Based on the findings, the following advice is offered to sound engineers in the VP industry. Despite the advantages, it is acknowledged that the proposed framework for real-time SFX playback may not be a practical solution for all studios. Its endorsement is largely contingent on the type of shoot at hand, as well as the available time and budget, and necessity for this practice. Separate from the adoption of immersive audio, participants noted that repeated takes resulted in their detachment from the VE. As they sensed their conscious efforts in acting were eluding them, the actors held a lack of guidance from the director responsible. Directors are advised to, therefore, be more involved in assisting actors to achieve the desired character portrayal. Moreover, producers should manage the amount of time that actors spend on-set when not filming. Findings suggested that the lengthy preparations between shots tire the imaginations of actors and should be addressed accordingly. Furthermore, participants noted that they could not benefit from the immersive nature of the LED wall-enhanced VP since they spent most of the time facing away from the screen. To mitigate this issue, studios can place a small screen showcasing the camera feed in front of the actors, or additionally, they can make use of a lower resolution, movable LED panel to display the extension of the VE as it would appear before the actors. 

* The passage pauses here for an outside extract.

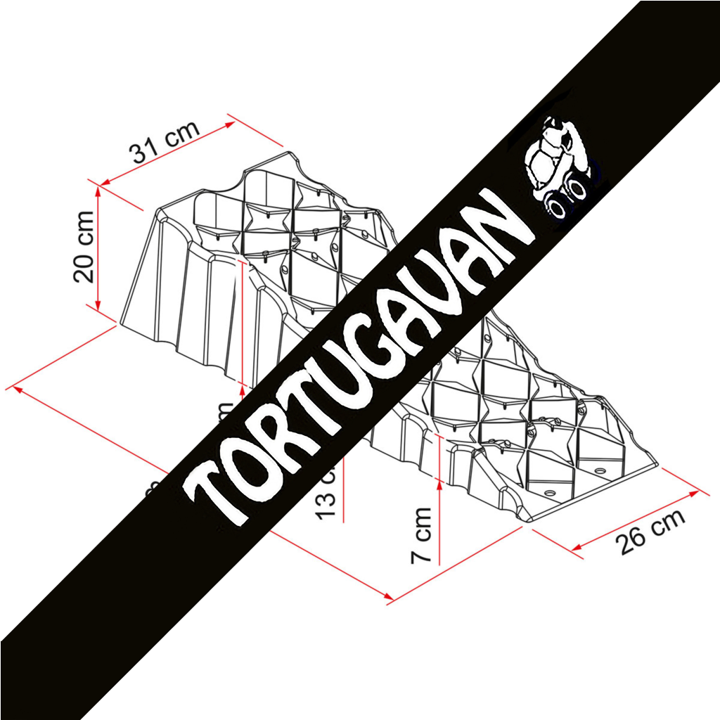 La nueva cuña Fiamma con tres alojamientos de nivelación colocados a 7, 13 y 17 cm. La relación entre la superficie de contacto con el terreno y el neumático garantiza unas magníficas prestaciones sobre terrenos inestables y permite proteger el neumático de deformaciones gracias a la amplia superficie de apoyo y a los alojamientos moldeados. La nueva estructura se ha diseñado para satisfacer las exigencias de retención de carga y adaptabilidad del producto a terrenos desconocidos. El cómodo asa trasera permite transportar con facilidad la cuña a pesar de sus mayores dimensiones. Sumamente ligera en comparación con otros productos similares. Se distingue por sus magníficas prestaciones en cualquier tipo de terreno.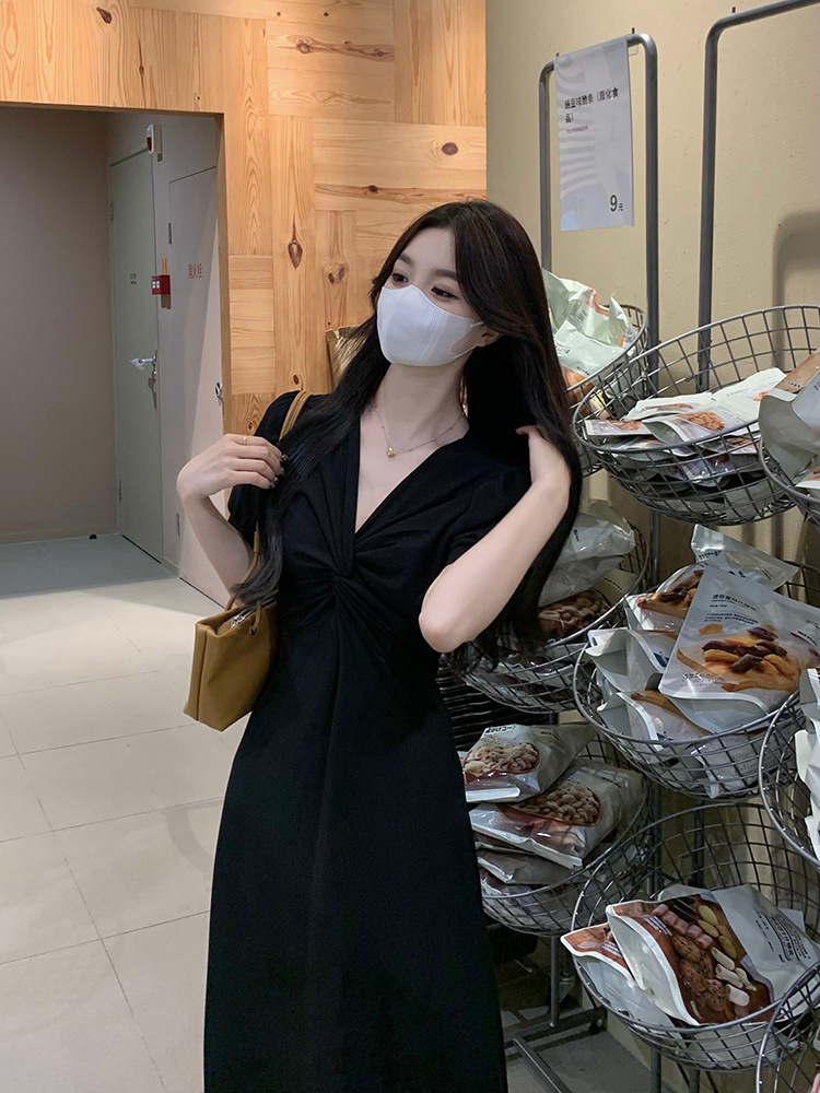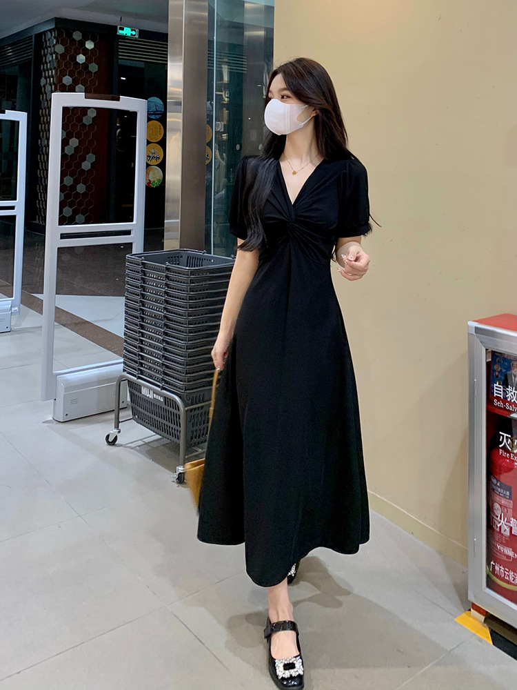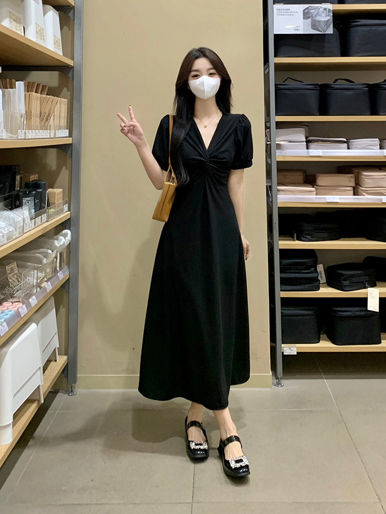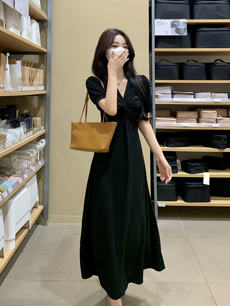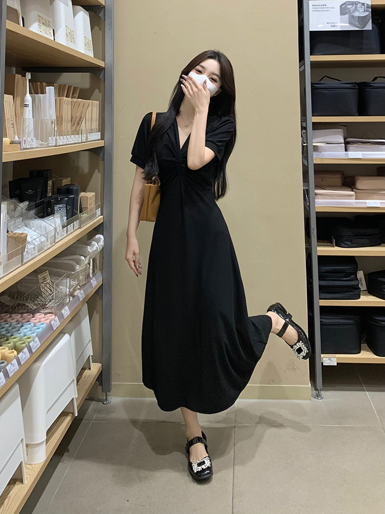 여름 느낌의 여성용 빅사이즈 블랙 브이넥 니트 드레스, 뚱뚱한 mm를 위한 배를 커버하고 날씬해 보이는 A라인 롱 스커트스토어 가기

Although the answer to whether a performer’s immersion in the virtual world can be enhanced through the use of real-time SFX is complex, it presents undeniable benefits. During the test-shoots, certain limitations arose due to the quality of the available equipment. Overall, the chosen approach was preferred given the project circumstances. Additionally, relevant literature points to conflicting stances on which audio elements are most likely to elicit feelings of presence. Nevertheless, recommendations for whether to implement real-time audio in Virtual Productions are still entirely dependent on the specialised needs of the film crew, as well as the opportunity to do so. More importantly, the research found that additional accommodations on-set should be made for actors to prevent the decrease of immersion in the diegetic space during production. Moreover, this gem concludes that audio is an essential part of any media experience, and the benefits it provides for the VP pipeline should be explored further.